- [Exercise brief]: Without including any images, repeat the listing below exactly.

- [Information provided]:
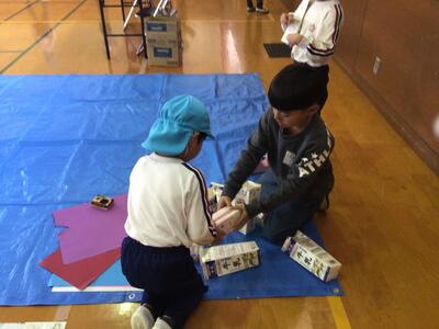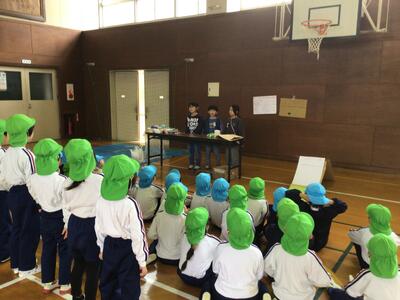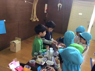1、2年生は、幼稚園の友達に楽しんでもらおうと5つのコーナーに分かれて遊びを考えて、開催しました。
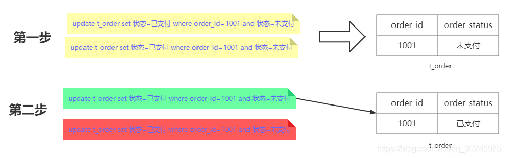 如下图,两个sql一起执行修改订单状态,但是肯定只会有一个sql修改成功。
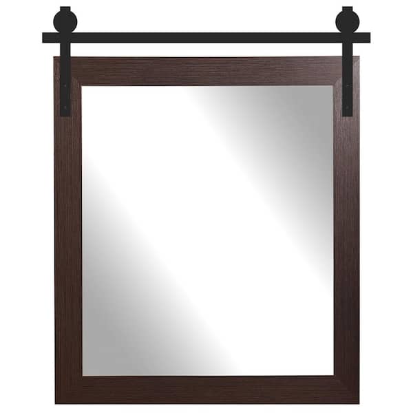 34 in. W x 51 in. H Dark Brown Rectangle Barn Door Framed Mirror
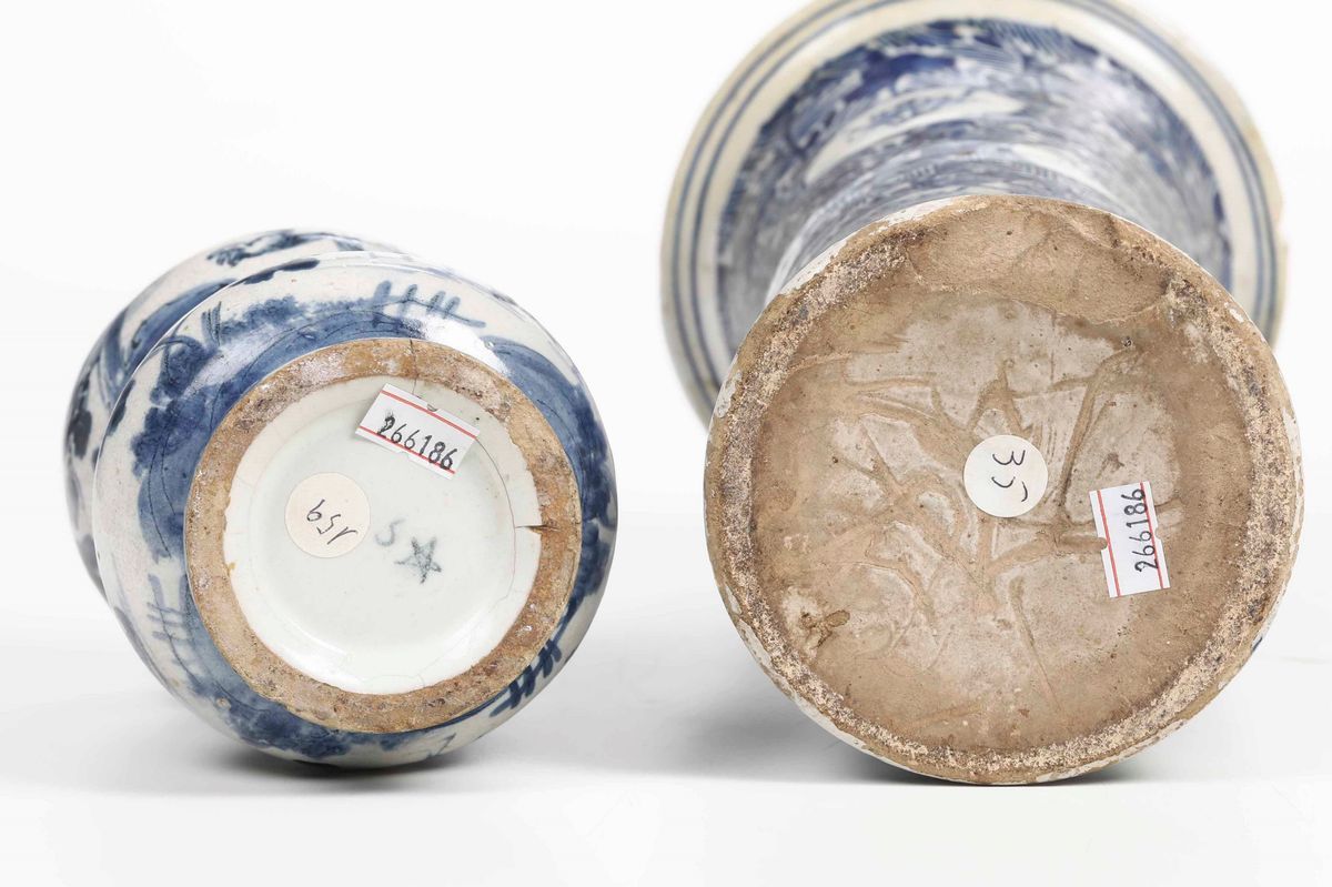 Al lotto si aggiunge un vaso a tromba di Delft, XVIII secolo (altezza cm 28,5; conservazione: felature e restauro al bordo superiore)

- [Answer section]:
1、2年生は、幼稚園の友達に楽しんでもらおうと5つのコーナーに分かれて遊びを考えて、開催しました。
 如下图,两个sql一起执行修改订单状态,但是肯定只会有一个sql修改成功。
 34 in. W x 51 in. H Dark Brown Rectangle Barn Door Framed Mirror
 Al lotto si aggiunge un vaso a tromba di Delft, XVIII secolo (altezza cm 28,5; conservazione: felature e restauro al bordo superiore)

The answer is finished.